* Requirement
Would you please repeat all of the data exactly, omitting the pictures?

* Information shown
↓↓↓

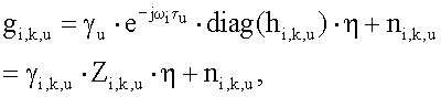 где Zi,k,u представляет собой диагональную матрицу, диагональные элементы которой представляют собой элементы оценки hi,k,u, вектора канала обратной линии связи, и нижние индексы i,k,u представляют собой индексы тона, времени и пользователя, соответственно.
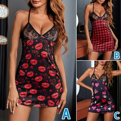 Sexy Lace Spliced with Heart Printed/Plaid Pattern Sling Nightwear Dress
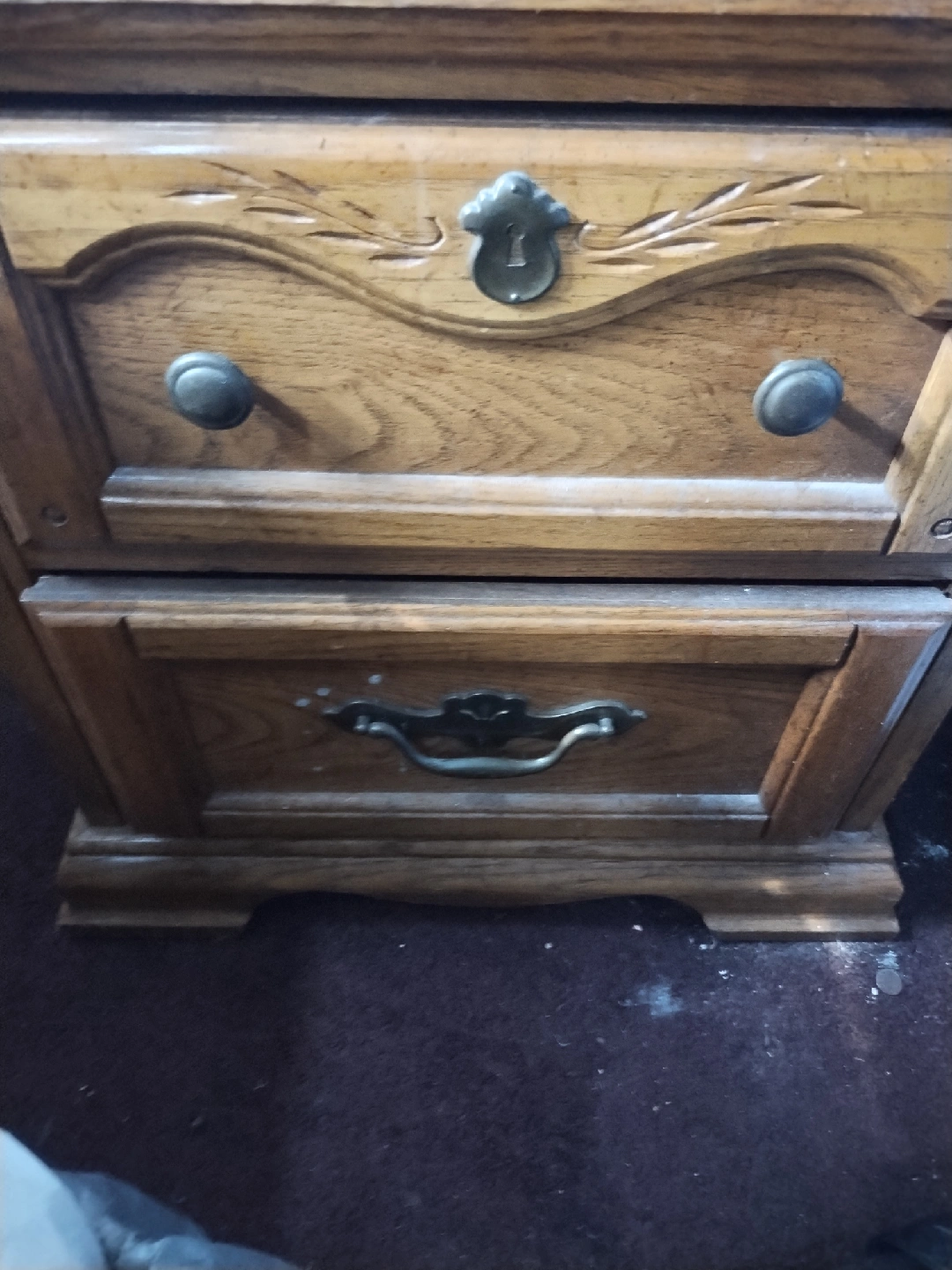 Selling a cute wooden nightstand with two drawers. It has a classic look with unique drawer pulls and decorative carvings. Perfect for adding some vintage charm to your bedroom! matching set of 2

↑↑↑

* Reply
 где Zi,k,u представляет собой диагональную матрицу, диагональные элементы которой представляют собой элементы оценки hi,k,u, вектора канала обратной линии связи, и нижние индексы i,k,u представляют собой индексы тона, времени и пользователя, соответственно.
 Sexy Lace Spliced with Heart Printed/Plaid Pattern Sling Nightwear Dress
 Selling a cute wooden nightstand with two drawers. It has a classic look with unique drawer pulls and decorative carvings. Perfect for adding some vintage charm to your bedroom! matching set of 2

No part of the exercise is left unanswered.